Numbered build steps

  1. Model on a stable id. Make subscribers.id the foreign key target for tags and treat endpoint as mutable. This single decision is what survives rotation.
  2. Write tags transactionally. When a subscriber opts in, upsert the subscriber and insert tag rows in one transaction so you never have a subscriber without tags or vice versa.
  3. Express segments as queries. Store each segment as a named predicate, not a materialised list, so it reflects current opt-ins automatically.
  4. Handle rotation by update, not insert. On pushsubscriptionchange, look up by old endpoint and UPDATE the row. Inserting a new row orphans the tags.
  5. Mark, don’t delete, on 410 Gone. When the push service returns 410, set active = false rather than deleting, so segment queries exclude dead endpoints while preserving consent history. See handling 410 Gone responses at scale.

Gotchas & edge cases

  • event.oldSubscription can be null. Some browsers omit it on pushsubscriptionchange, leaving you no old endpoint to match. Fall back to matching by an app-issued client id stored at subscribe time, or you will create a duplicate subscriber and lose the tags.
  • Inserting on rotation orphans tags. The most common segmentation bug: treating a rotated subscription as a brand-new subscriber. Always update the existing row by old endpoint (or client id).
  • Composite segments need COUNT(DISTINCT tag). A naive tag IN (...) returns subscribers with any of the tags, not all. Use the HAVING COUNT(DISTINCT tag) = N pattern for AND semantics.
  • Deleting on 410 destroys consent history.

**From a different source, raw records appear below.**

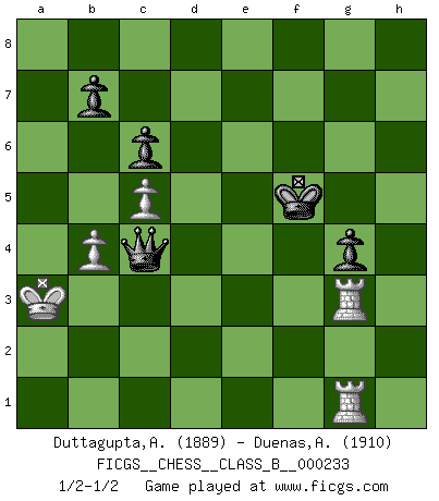 Last move : 1/2-1/2 2015 December 12 20:59:2 [Event "FICGS__CHESS__CLASS_B__000233"] [Site "FICGS"] [Date "2015.11.05"] [Round "1"] [White "Duttagupta,Aniruddha"] [Black "Duenas,Alexis"] [Result "1/2-1/2"] [WhiteElo "1889"] [BlackElo "1910"] 1.c4 e5 2.g3 Nc6 3.Nc3 f5 4.Nf3 Nf6 5.d4 e4 6.Nh4 g6 7.Bg5 Bg7 8.Qd2 O-O 9.Bg2 d6 10.O-O-O Qe8 11.f3 Qf7 12.b3 exf3 13.exf3 Nxd4 14.Qxd4 Ne4 15.fxe4 Bxd4 16.Rxd4 Qg7 17.Rd3 fxe4 18.Bxe4 c6 19.Re1 Bg4 20.Nf3 Rae8 21.Bf4 Rf6 22.Kb2 Bf5 23.Kc2 Qf8 24.Nd4 Kg7 25.Re2 Bg4 26.Red2 a6 27.h4 Rxf4 28.gxf4 Qxf4 29.Nde2 Qh6 30.Rxd6 Qxh4 31.Bd3 Qg5 32.Ne4 Qe5 33.N2c3 h5 34.Rg2 Re7 35.a3 Be6 36.c5 h4 37.Nf2 Bf5 38.Bxf5 Qxf5+ 39.Nce4 h3 40.Rg5 Qf7 41.Rd3 Rxe4 42.Nxe4 Qf4 43.Rxh3 Qxe4+ 44.Rd3 Kf6 45.R5g3 g5 46.b4 g4 47.Kb3 Kf5 48.Rd1 a5 49.Rdg1 axb4 50.axb4 Qd5+ 51.Ka3 Qc4 1/2-1/2 English Opening Kingside Castling by player Black (move 8) Queenside Castling by player White (move 10) 10 pieces endgame at move 50 : White KRRPP , Black KQPPP WHITE : King + 2 Rooks 2 Pawns BLACK : King + 1 Queen 3 Pawns This chess game ended in a draw. Follow this game move after move (download)Chess teaches you to control the initial excitement you feel when you see something that looks good and it trains you to think objectively when you're in trouble. (Stanley Kubrick) Weshalb minderdergeübte Spieler mit g2-g4 beginnen? Die betreffenden sind unschlüssig, ob sie nun rechts (h4) oder links (f4) beginnen sollen, und in ihrer Ratlosigkeit entschliessen sie sich nach guter Bürgerart dazu, den goldenen Mittelweg zu wählen. (Aaron Nimzowitsch) Desconfianza es la característica mas necesaria de un jugador de Ajedrez. (Siegbert Tarrasch) J'ai vu le vaincu d'Echecs jouer des années durant dans l'espoir de la fête de la victoire. Car tu es plus riche de ce qu'elle existe si même elle n'est point pour toi. Ainsi de la perle du fond des mers. (Antoine de Saint-Exupéry) Unless in communicating with it one says exactly what one means, trouble is bound to result. (Alan Turing, about computers)
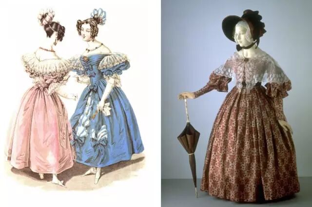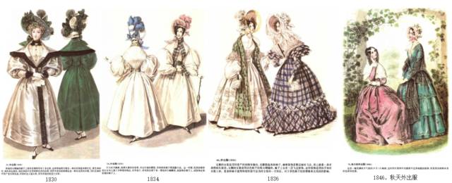 ▎1830年:降到自然位置,腰又被紧身胸衣勒细,袖根部极度膨胀化,裙摆向外扩张,成为X形。裙子上出现很多褶裂,其量感通过在里面穿数条衬裙不断加剧。
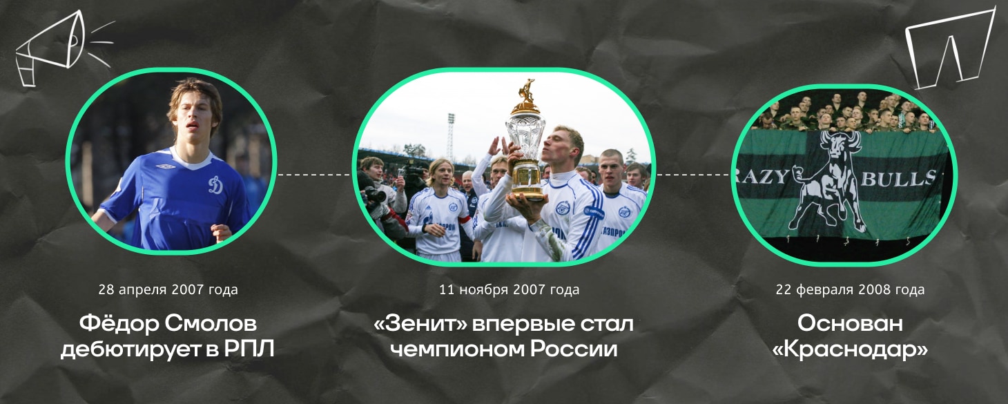 Для контекста: «Зенит» только в ноябре оформит свое первое чемпионство, а Сергей Галицкий лишь в феврале 2008 года начнет строительство «Краснодара».
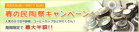 いつもおんた家をご利用いただきありがとうございます。5月17日(木)17時まで開催しておりました春の民陶祭キャンペーンは好評につき終了いたしました。多くのご愛顧をいただき誠にありがとうございました!今後ともおんた家をよろしくお願いします。
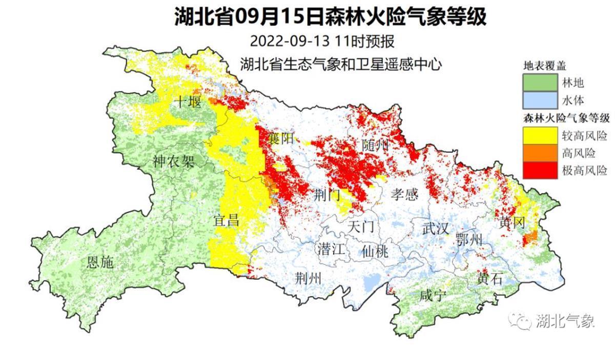 湖北省9月15日森林火险气象等级 (图源:湖北气象)
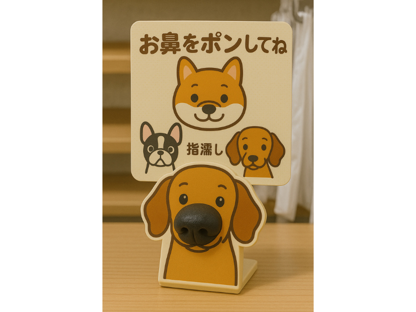 • レジ横や袋詰め台に小型の犬の顔プレートとして設置。
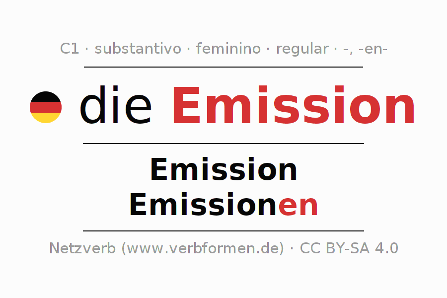 - Plural: die Emissionen, der Emissionen, den Emissionen, die Emissionen
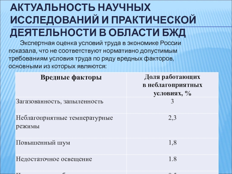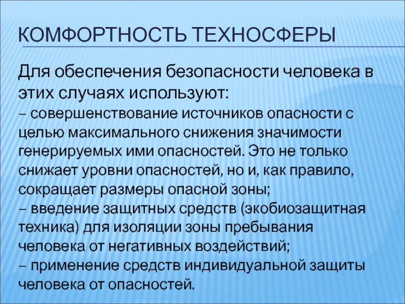 деятельности, комфорта и личной безопасности в интенсивно развивающейся техносфере сопровождается

Soft-delete with an active flag so you can prove what a user opted into and when, which GDPR and CCPA audits require.
  • Tags drift from the UI. If users edit preferences later through your opt-out and preference centers, make that edit the same upsert/delete on subscription_tags so the segment query and the UI never disagree.

FAQ

Should I store segments as queries or as precomputed lists?

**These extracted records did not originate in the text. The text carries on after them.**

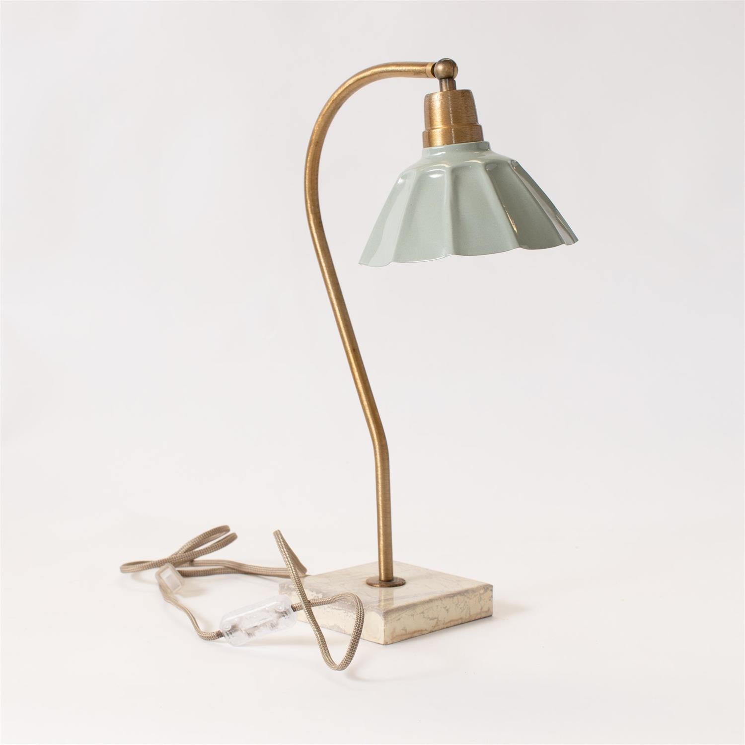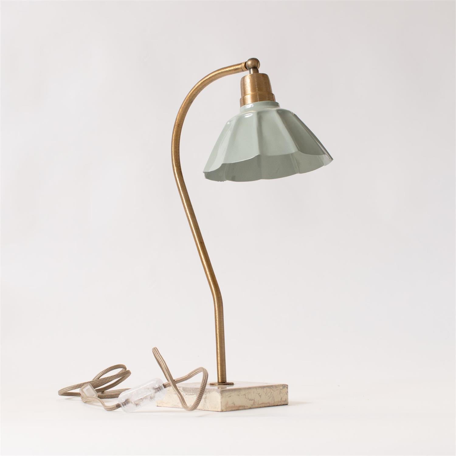 Brighten up your space with this playful Lamp! The sleek brass goose neck adds a touch of whimsy while the light green shade creates a calming ambience. Perfect for adding a quirky twist to any room.
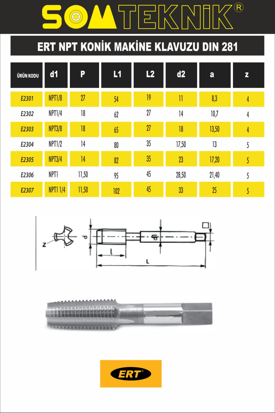 ERT NPT KONİK MAKİNE KILAVUZU DIN 281
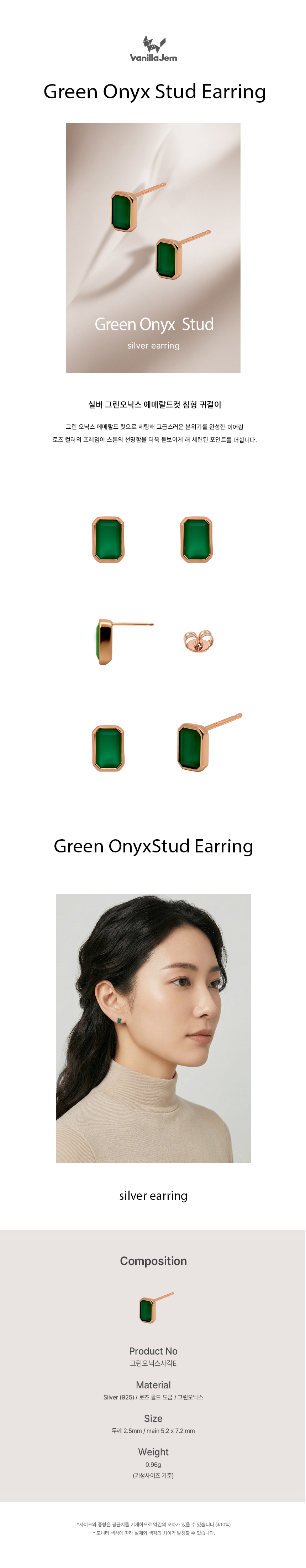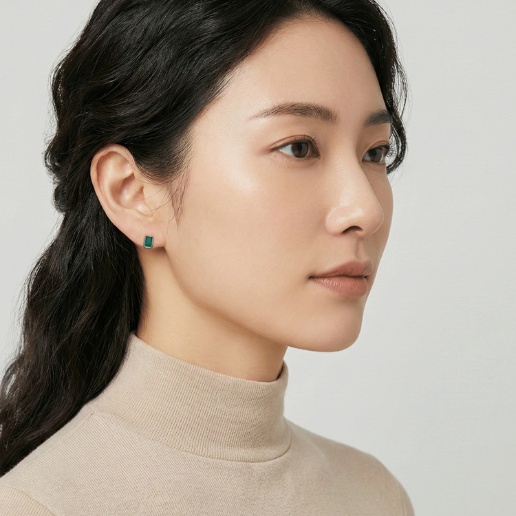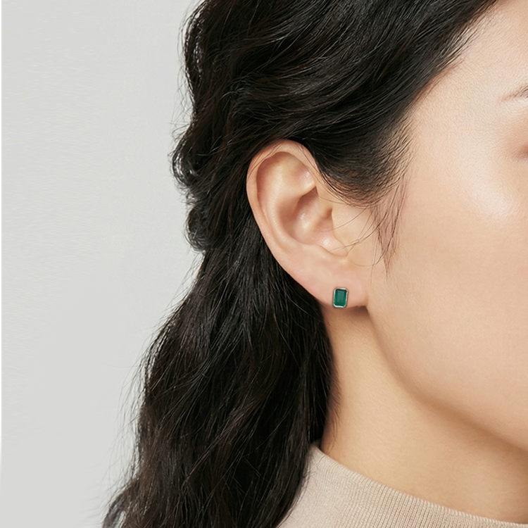 실버 그린오닉스 에메랄드컷 침형 귀걸이

As queries. A query evaluated at send time always reflects current opt-ins, opt-outs, and retired endpoints, whereas a precomputed list goes stale the moment any of those change. With an index on the tag column the per-send join is cheap; only materialise for very large, latency-critical sends, and snapshot just before sending rather than maintaining a drifting list.

Why not key the tags directly to the push endpoint?

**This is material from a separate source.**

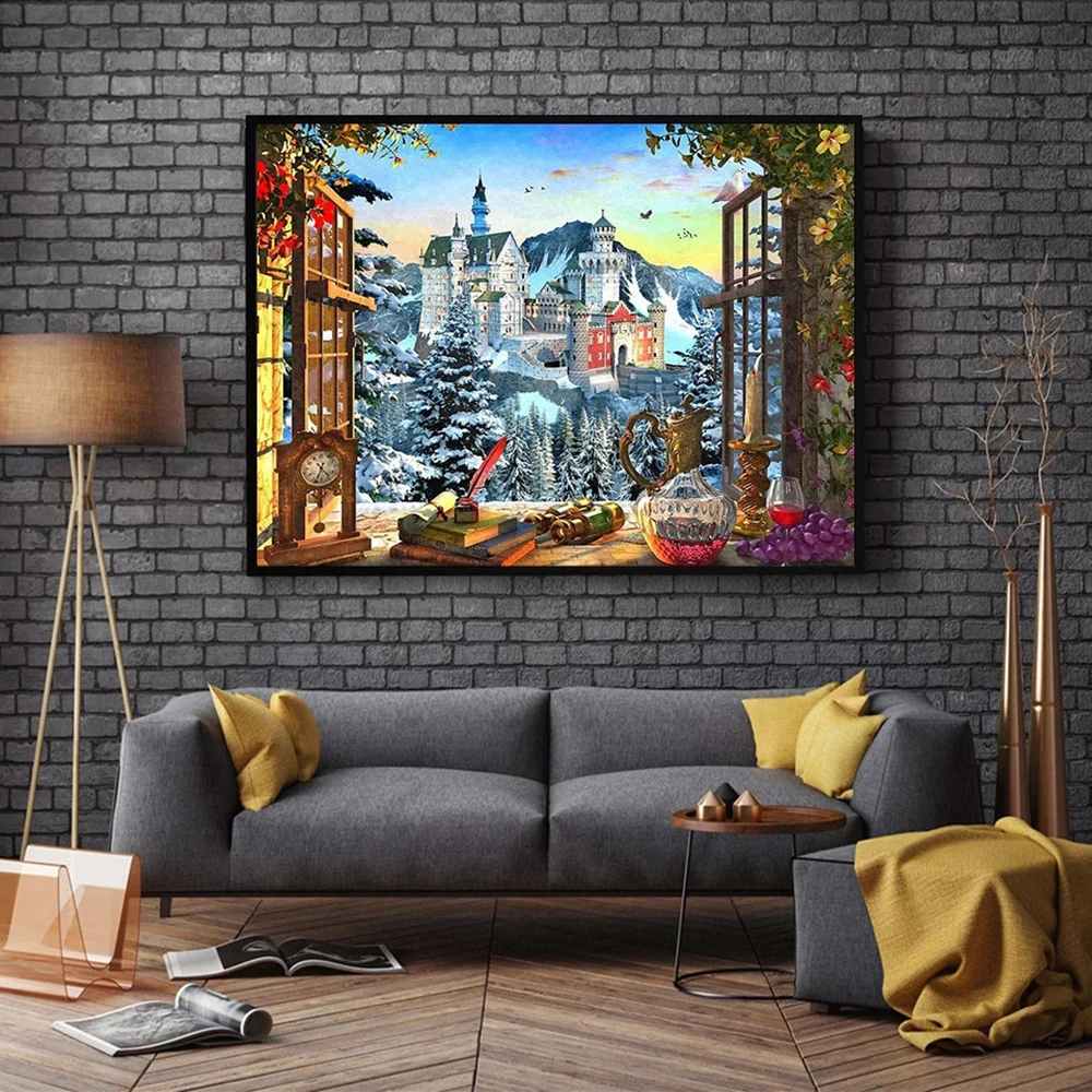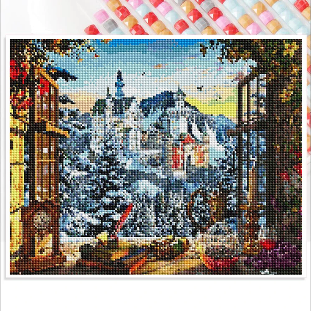 AMY- 5D алмазная вышивка зима новое поступление полный квадратный алмазная живопись замок мозаика Набор окно пейзаж ремесла подарок

Because the endpoint is mutable. Browsers rotate it on pushsubscriptionchange, and if your tags point at the endpoint they orphan on every rotation, silently dropping the subscriber from all segments. Keying tags to a stable surrogate subscriber_id and treating the endpoint as an updatable attribute keeps preferences attached through rotation.

How do I select subscribers opted into several topics at once?

Filter on the tags with tag IN (...), group by the subscriber, and assert the count with HAVING COUNT(DISTINCT tag) = N. A bare IN returns subscribers with any of the listed tags; the HAVING clause is what enforces AND semantics across all of them.